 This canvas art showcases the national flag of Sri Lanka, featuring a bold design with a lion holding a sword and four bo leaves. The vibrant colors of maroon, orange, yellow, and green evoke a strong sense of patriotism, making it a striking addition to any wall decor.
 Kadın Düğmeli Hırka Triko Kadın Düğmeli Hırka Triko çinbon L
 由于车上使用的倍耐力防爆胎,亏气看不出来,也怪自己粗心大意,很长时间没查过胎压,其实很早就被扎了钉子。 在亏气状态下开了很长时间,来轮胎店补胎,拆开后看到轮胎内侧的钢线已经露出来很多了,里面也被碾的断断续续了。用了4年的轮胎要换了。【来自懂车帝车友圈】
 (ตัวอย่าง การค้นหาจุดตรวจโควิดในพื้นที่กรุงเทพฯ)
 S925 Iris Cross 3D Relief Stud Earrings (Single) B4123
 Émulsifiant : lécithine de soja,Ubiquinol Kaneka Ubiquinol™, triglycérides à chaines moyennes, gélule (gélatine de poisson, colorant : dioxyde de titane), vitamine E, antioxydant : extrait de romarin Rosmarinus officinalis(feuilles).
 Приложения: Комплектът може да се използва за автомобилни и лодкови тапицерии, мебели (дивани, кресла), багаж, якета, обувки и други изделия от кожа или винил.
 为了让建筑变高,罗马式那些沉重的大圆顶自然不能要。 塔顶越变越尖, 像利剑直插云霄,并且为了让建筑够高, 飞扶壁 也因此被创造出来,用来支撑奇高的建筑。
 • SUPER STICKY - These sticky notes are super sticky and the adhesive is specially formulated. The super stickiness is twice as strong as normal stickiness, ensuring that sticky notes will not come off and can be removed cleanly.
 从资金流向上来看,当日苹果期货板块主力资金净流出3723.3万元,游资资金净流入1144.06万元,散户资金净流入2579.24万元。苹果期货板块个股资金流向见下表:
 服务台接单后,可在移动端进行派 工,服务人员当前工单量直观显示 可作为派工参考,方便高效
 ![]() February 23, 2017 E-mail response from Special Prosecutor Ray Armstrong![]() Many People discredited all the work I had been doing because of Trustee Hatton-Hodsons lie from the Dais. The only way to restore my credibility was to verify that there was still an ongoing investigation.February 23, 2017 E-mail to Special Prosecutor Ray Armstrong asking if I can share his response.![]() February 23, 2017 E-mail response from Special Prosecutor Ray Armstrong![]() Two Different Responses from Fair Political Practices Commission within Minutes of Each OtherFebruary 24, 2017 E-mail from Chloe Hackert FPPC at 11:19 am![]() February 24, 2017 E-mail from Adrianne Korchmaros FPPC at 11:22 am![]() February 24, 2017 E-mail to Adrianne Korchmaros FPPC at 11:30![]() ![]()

────────────────────────────────────────

*WORK INSTRUCTIONS:* Set down precisely the lines above between the line holding "由于车上使用的倍耐力防爆胎,亏气看不出来" and the line holding "服务台接单后,可在移动端进行派 工,服务人员当前工单量直观显示 可作为派工参考,方便高效", inclusive, and nothing beyond them.

*ANSWER AREA:*
 由于车上使用的倍耐力防爆胎,亏气看不出来,也怪自己粗心大意,很长时间没查过胎压,其实很早就被扎了钉子。 在亏气状态下开了很长时间,来轮胎店补胎,拆开后看到轮胎内侧的钢线已经露出来很多了,里面也被碾的断断续续了。用了4年的轮胎要换了。【来自懂车帝车友圈】
 (ตัวอย่าง การค้นหาจุดตรวจโควิดในพื้นที่กรุงเทพฯ)
 S925 Iris Cross 3D Relief Stud Earrings (Single) B4123
 Émulsifiant : lécithine de soja,Ubiquinol Kaneka Ubiquinol™, triglycérides à chaines moyennes, gélule (gélatine de poisson, colorant : dioxyde de titane), vitamine E, antioxydant : extrait de romarin Rosmarinus officinalis(feuilles).
 Приложения: Комплектът може да се използва за автомобилни и лодкови тапицерии, мебели (дивани, кресла), багаж, якета, обувки и други изделия от кожа или винил.
 为了让建筑变高,罗马式那些沉重的大圆顶自然不能要。 塔顶越变越尖, 像利剑直插云霄,并且为了让建筑够高, 飞扶壁 也因此被创造出来,用来支撑奇高的建筑。
 • SUPER STICKY - These sticky notes are super sticky and the adhesive is specially formulated. The super stickiness is twice as strong as normal stickiness, ensuring that sticky notes will not come off and can be removed cleanly.
 从资金流向上来看,当日苹果期货板块主力资金净流出3723.3万元,游资资金净流入1144.06万元,散户资金净流入2579.24万元。苹果期货板块个股资金流向见下表:
 服务台接单后,可在移动端进行派 工,服务人员当前工单量直观显示 可作为派工参考,方便高效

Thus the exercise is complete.